# Seiko Samurai



## Bri (Nov 2, 2006)

Just got a Samurai delivered this morning (after paying VAT and royal mail handling charge - b*****ds). Anyway, it comes with a real chunk of metal for a bracelet and the question is, how do you get a couple of links out? Is it the normal Siko push through, it has the direction arrows stamped in the back of the links so I am assuming so, but I've tried and can't get one out. I don't know if it's because of the quality as this bracelet is BIG in keeping with watch, or stiff because they're new or if there's another method of removal that I haven't come across.

Anyone help ?

Brian


----------



## MarkF (Jul 5, 2003)

The links are in two pieces, the pin and a collet so they are a little harder to remove. Be very careful, the collets are really easy to lose and if you do lose them then pin won't fit securely again. Then you'll have to use something else that neither fits nor looks quite right, that'll start playing on your mind until it drives you nuts and then you'll sell the Samurai.

I wish I had not lost my collets.


----------



## pauluspaolo (Feb 24, 2003)

Quality watches - a definite step up from the 007's of this world. I've had two & not kept either of them for some reason









As Mark's said the bracelet uses the usual pins & collets - the collets fit tightly over one end of the pin & hold the pin in place so it's vital that you don't lose them.

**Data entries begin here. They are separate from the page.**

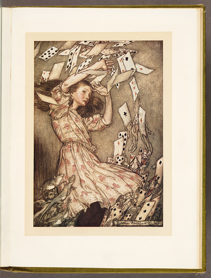 Alice attacked by a pack of cards in Lewis Carroll’s Alice’s Adventures in Wonderland, illustrated by Arthur Rackham, 1907. The Huntington Library, Art Collections, and Botanical Gardens.
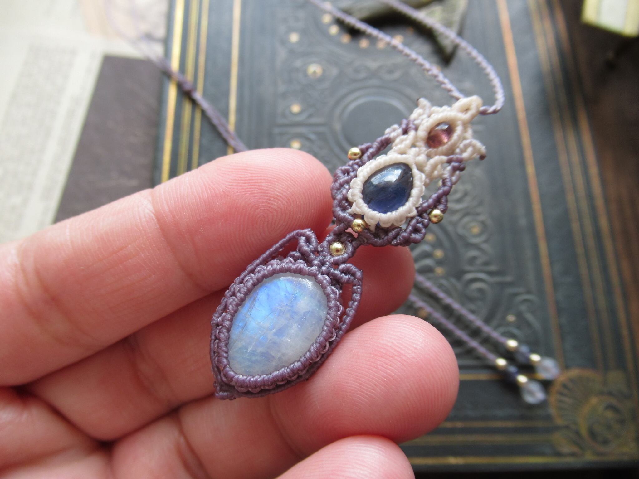 レインボームーンストーン×アイオライトのマクラメペンダント / 0.5mm仕上げ
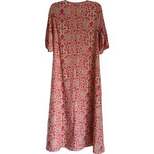 New Women's V-Neck A-Line Maxi Dress Pink & Beige Pattern Small Short Sleeve• V-neck design
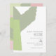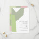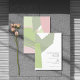 Abstract colour blocking in a cheerful colour palette of rose pink and spring green provides a striking background for the pieces in this contemporary wedding suite. The wedding 'Save the Date' card shown here is perfect to remind guest of an upcoming spring wedding. Easily add all your event details using the provided template. Search ID740 to see other colour options and additional products with this design.

You should be able to push the pin out in the direction of the arrow. I remember that the pins were tight on both my Samurai's & I had to buy a proper bracelet sizing tool from Roy to do the job


----------



## dapper (Jun 18, 2004)

There's an excellent, illustrated, tutorial in the PMWF 'How To' links - Resize a Monster Bracelet (method is same for the Samurai)


----------



## Bri (Nov 2, 2006)

dapper said:


> There's an excellent, illustrated, tutorial in the PMWF 'How To' links - Resize a Monster Bracelet (method is same for the Samurai)


Sorry if I'm being a bit thick here but what is PMWF ?

These collets that are mentioned, do you have to get them out first or do they come out when you push pin ? If so how do you get them out on teir own ?


----------



## dapper (Jun 18, 2004)

Bri said:


> dapper said:
> 
> 
> > There's an excellent, illustrated, tutorial in the PMWF 'How To' links - Resize a Monster Bracelet (method is same for the Samurai)
> ...


PM sent


----------



## Bri (Nov 2, 2006)

dapper said:


> Bri said:
> 
> 
> > dapper said:
> ...


Cheers Alan, got it now.

Brian


----------



## Bri (Nov 2, 2006)

Bri said:


> dapper said:
> 
> 
> > Bri said:
> ...


Done it now, those little collets are beggars but I didn't lose any. Fits like a glove.

Cheers

Brian


----------



## agent_tom (Jul 1, 2007)

Heres how it look like on my thin wrist


----------



## batfink21 (Sep 25, 2007)

agent_tom said:


> Heres how it look like on my thin wrist


Wow, it's a monster (or have you got wrists like a 3 year old child??!) I was looking at one of these but I have thin wrists too. What's the actual diameter of the bezel?


----------